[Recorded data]
==================================================

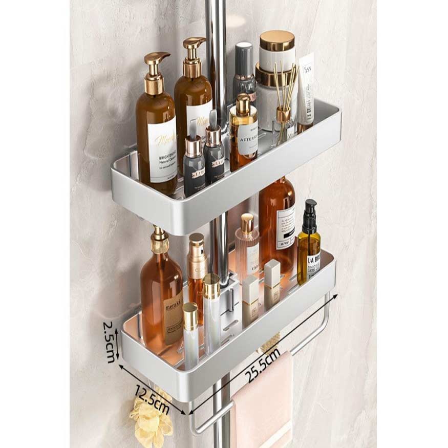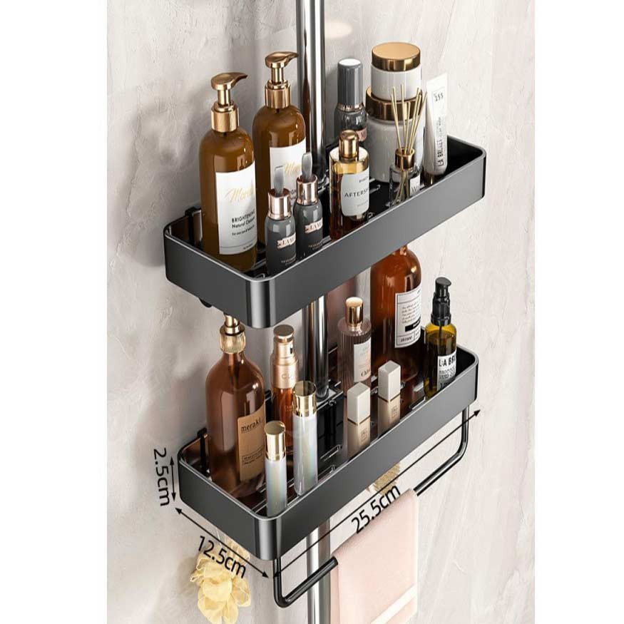Дворівнева полиця для душової штанги 25.5 см з тримачем для рушника, алюмінієва, регульована, чорна / срібна / сіра
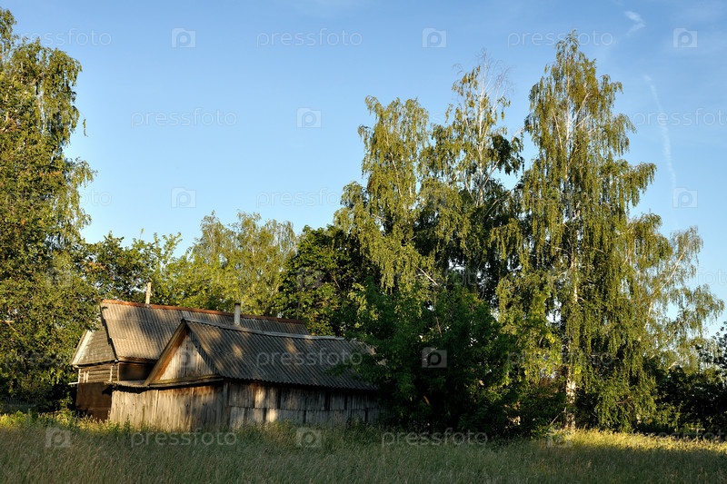 Сельские домики в деревьях вечером
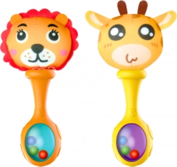 Súprava hrkálok je navrhnutá s ohľadom na potreby rastúceho dieťaťa. Má ergonomický tvar prispôsobený drobným ručičkám a mäkký textilný povrch, ktorý je príjemný na dotyk. Živé farby a motívy zvieratiek, ako sú lev a žirafa, hneď upútajú pozornosť dieťaťa a stimulujú jeho zmysly.
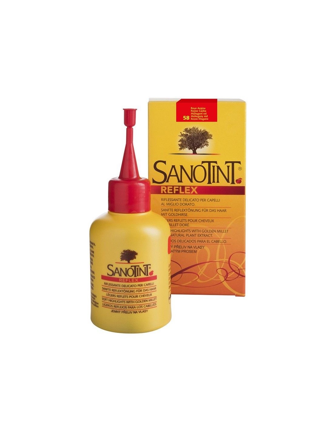 Sanotint Reflex es un producto a base de plantas con extractos de manzanilla, quino, hojas de olivo y mijo dorado que interactúan entre sí y dan reflejos brillantes y vivos al cabello creando diferentes tonos desde el negro hasta el rojo intenso cálido. Al no ser un tinte, los pigmentos del reflejo no penetran en el cabello, sino que solo recubren la parte externa del mismo, por lo que el color se elimina gradualmente en 5 a 6 lavados.Sanotint Reflex cubre delicadamente el cabello blanco, pero no de manera permanentemente como un tinte. Sanotint Reflex está listo para usar. No es necesario mezclar los componentes antes de la aplicación.Ingredientes (INCI):Extractos vegetales de camomila, mijo dorado, hoja de olivo (aguamarina, metoxiisopropanol, cocamidopropil betaína, hidroxietilcelulosa, parfum, laurdimonio, hidroxipropilo, proteína de trigo hidrolizada, poliquaternium-22, propilenglicol, hidróxido de sodio, extracto de acetato de pantóxido, pantóxido de pantopropileno, extracto de acetato de pantóxido de pantodio, extractor de sodio, extracto de acetato de pacóxido de sodio, extracto de pantoruro de sodio y ácido clorhídrico. Extracto de hoja de Olea europaea, extracto de Cinchona, extracto de Chamomilla recutita, butilparabeno, etilparabeno, propilparabeno, metilparabeno, fenoxietanol, ácido sórbico, caprilil glicol, linalool).Modo de empleo:Seguir atentamente las instrucciones que encontrarás en el interior.Presentación:El envase contiene:
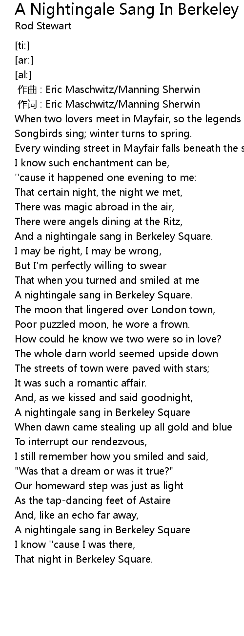 | [01:21.70] | A nightingale sang in Berkeley Square. |

==================================================

(What to produce) With pictures removed, write out exactly each line of the entries from the first through the line that holds "Súprava hrkálok je".

(Answer space)
Дворівнева полиця для душової штанги 25.5 см з тримачем для рушника, алюмінієва, регульована, чорна / срібна / сіра
 Сельские домики в деревьях вечером
 Súprava hrkálok je navrhnutá s ohľadom na potreby rastúceho dieťaťa. Má ergonomický tvar prispôsobený drobným ručičkám a mäkký textilný povrch, ktorý je príjemný na dotyk. Živé farby a motívy zvieratiek, ako sú lev a žirafa, hneď upútajú pozornosť dieťaťa a stimulujú jeho zmysly.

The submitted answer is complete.